Some will differentiate between all and any, some do not (yet in my simple mind, they still get the mighty four moniker). But they share a likeness I hadn’t really stopped to consider until this undertaking today. Here are some examples:

Screen Shot 2017-01-17 at 1.58.00 PM.png

Google Books

Screen Shot 2017-01-17 at 1.58.21 PM.png

Google Advanced Search

Screen Shot 2017-01-17 at 1.58.30 PM.png

Advanced Search from the lovely University of North Texas (UNT) Digital Library (whom I turn to often for inspiration and sanity checks, thanks UNT!).

I, and I’m sure anyone even tangentially involved in the library, archives, and information realm, could write a small novella on the evolution and state of online search interfaces. They are as important to us as the tensile strength of fishing line for deep sea fishers, the Tin / Lead ratio to stained glass makers, the fat / acid ratios for cooks, and so on and so forth. However, given the myriad of insight and perspectives around search interfaces, it’s hard to ignore that facets have taken on a prominent role in search interfaces. Think of Amazon, eBay, and the list goes on. Facets are incredibly powerful, and have changed some thinking on search.

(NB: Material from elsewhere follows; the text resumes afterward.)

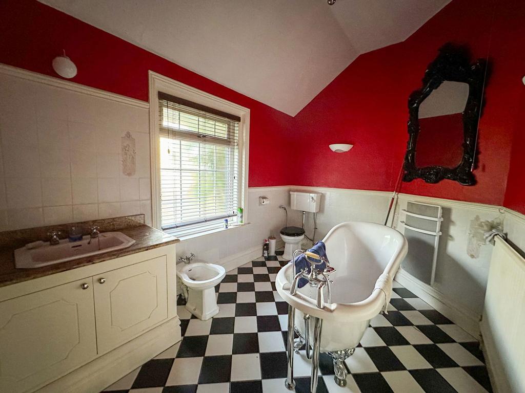 Bedroom 1 can be found on the first floor and is complete with eaves storage and a walk-in bay window. Bedroom 2 is a spacious double bedroom at the back of the property with a pedestal wash hand basin and a private conservatory area. Bedroom 3 is, again, a double bedroom also with a pedestal wash hand basin. The final bedroom is bedroom 4 which is a double and comes complete with a pedestal wash hand basin also. Lastly is the bathroom which comes installed with a wash hand basin with built in cabinet underneath, a low-level WC, a bidet and claw foot roll top bath with shower attachment.
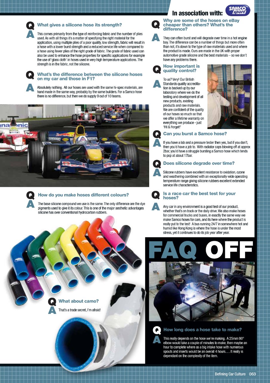 Samco Sport вже понад 10 років є світовим лідером у виробництві ефективних силіконових шлангів, постачаючи продукцію командам F1, NASCAR, WRC і WSBK. Асортимент комплектів шлангів і аксесуарів для перегонів неперевершений.

Instead of high-powered, laser-focused boolean searches, we are looking more to iterative refinement in our searching.

For the most part, I think this is a good thing. I’m a big fan of doing 10-20 searches in what-interface-have-you, mentally sifting and collating what you learned, rinse and repeat. As compared to toiling and banging your head over a perfect set of logical operators what will reveal your images of booze running from Canada to Detroit in the 1920’s.

But advanced search has a place, particulary when new and interesting search options that hinge on things like community-generated metadata, or machine learned topics are nigh at our disposal.